I'm thinking potentially something is off with the empty line check as if the newline is already removed when you try to match it.

We have a playground for the regexp here that tells you which lines it matches and which ones not: https://www.elastic.co/guide/en/beats/filebeat/6.3/_test_your_regexp_pattern_for_multiline.html Have a look.


(Jeremy Gooch) #6

Hi,

Thanks again for the response. I had a brainwave and solved this with a much easier approach. I'd been looking at the blank lines being the discriminator.

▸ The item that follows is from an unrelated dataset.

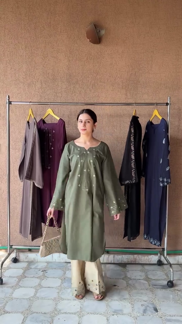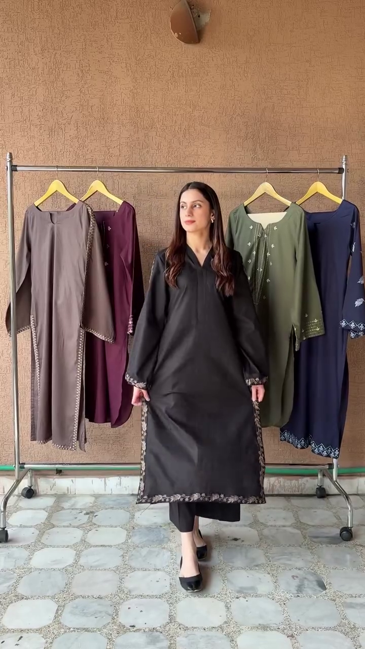 What makes this ensemble even more versatile is the range of four rich color options – black, maroon, olive green, and navy blue – each with its own distinctive embroidery work. Whether you’re pairing it with cigarette pants for a clean, modern look or with palazzos for a more ethnic feel, this kurta easily adapts to your styling preferences.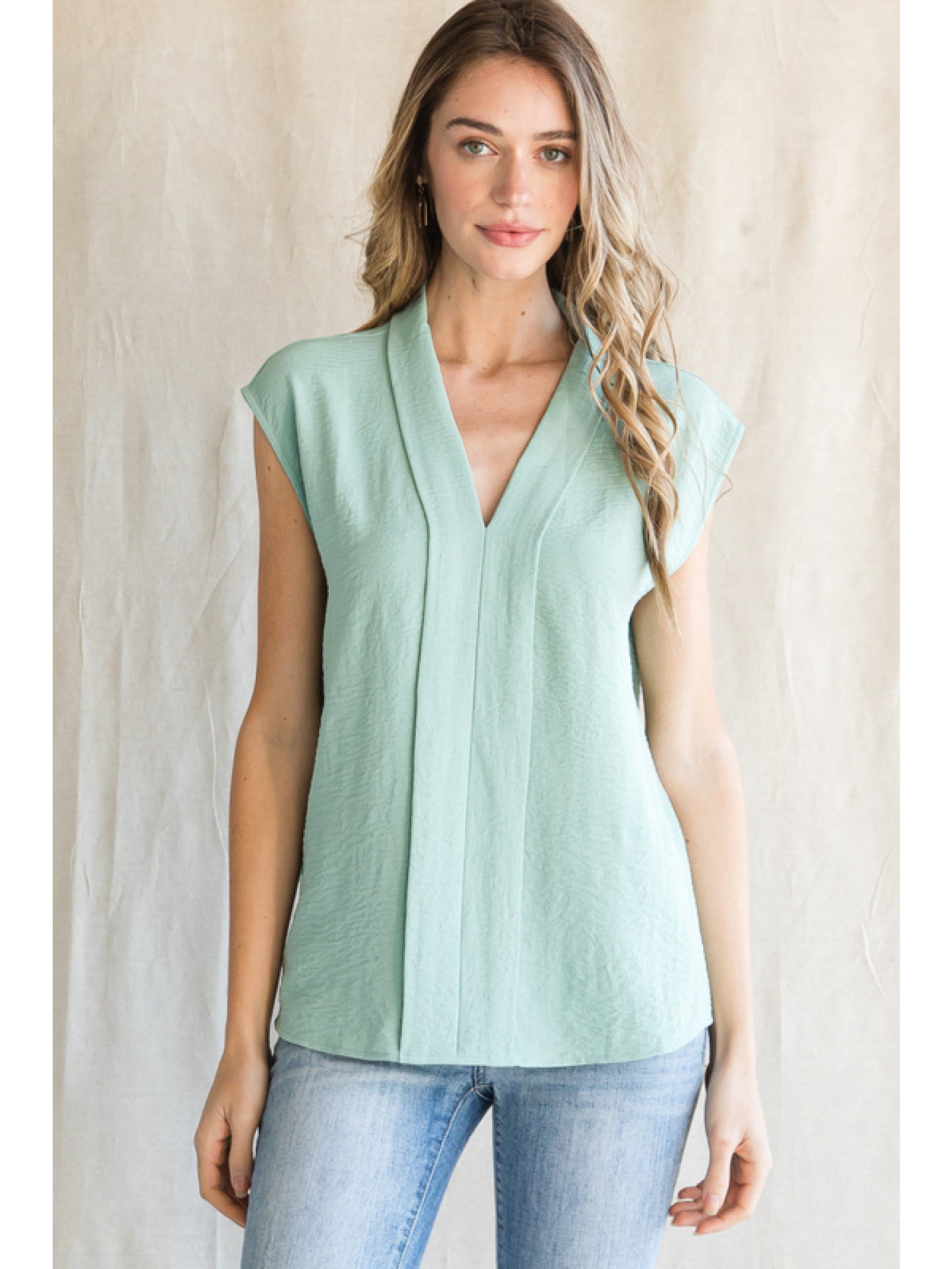 Solid top with a lapelless neck, curved shoulder and hemline.

I suddenly realised that it would be more straightforward to split by the line "Start ProcessXMLMessage", which appears everywhere except on the "Does Not Exist" line.

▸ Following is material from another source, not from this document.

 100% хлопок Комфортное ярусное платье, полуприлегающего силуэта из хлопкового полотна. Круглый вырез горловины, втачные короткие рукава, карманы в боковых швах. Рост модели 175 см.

So, I just added both of these to the regexp.

multiline.pattern: '(Start ProcessXMLMessage)|(Does Not Exist)|(Closing log file)'
multiline.negate: true
multiline.match: after

NB I also added "Closing log file" in order to catch the last record of the file (as I'd spotted that the final group of messages weren't being captured). To be fair, my example above didn't include the end of the file, so I'm just mentioning it here to explain the missing last line comment I made above.

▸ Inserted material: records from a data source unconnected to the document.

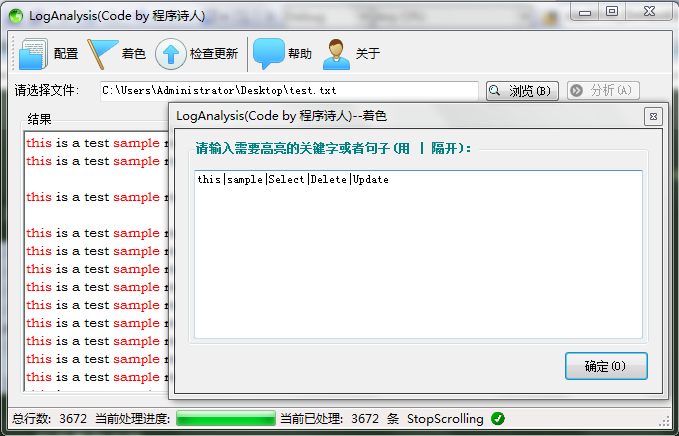 下面的这个是着色窗体,输入关键字,以数显隔开,点击确定按钮可以实时实现关键字高亮: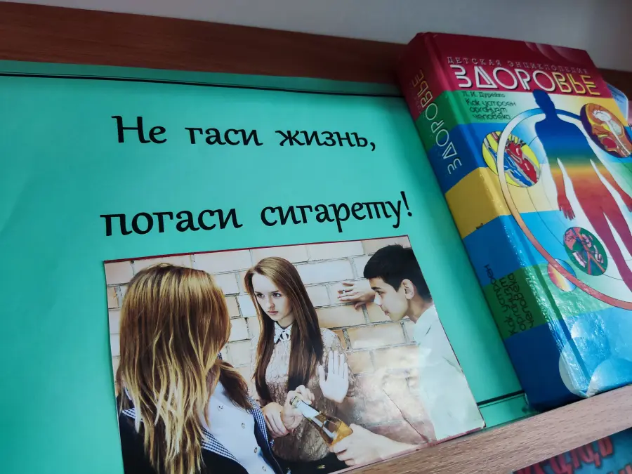 В рамках профилактики вредных зависимостей в школьной библиотеке организована книжная выставка-совет "SOS-скорее оставь сигарету".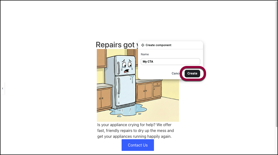 After clicking Create, you enter edit mode. The rest of your page dims with a darker overlay, focusing your attention on the component you’re building. This indicates you’re now working on the component’s master.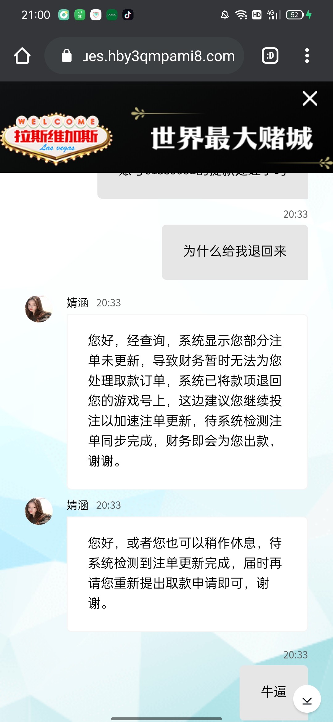 拉斯维加斯现在小额也开始黑了,下午充值100+58提了200不给出退回了,说注单没更新,过了几个小时提了本金,退回还说我注单没更新,现在小额开始黑了,黑台别玩

If the above hadn't worked, I realised that I could also use Logstash to add another layer of splitting - so do the blank line splitting in Filebeat and then process the difficult "Does Not Exist" case in Logstash.

J.


(ruflin) #7

Glad you found a solution and thanks for sharing it.


(system) #8

This topic was automatically closed 28 days after the last reply. New replies are no longer allowed.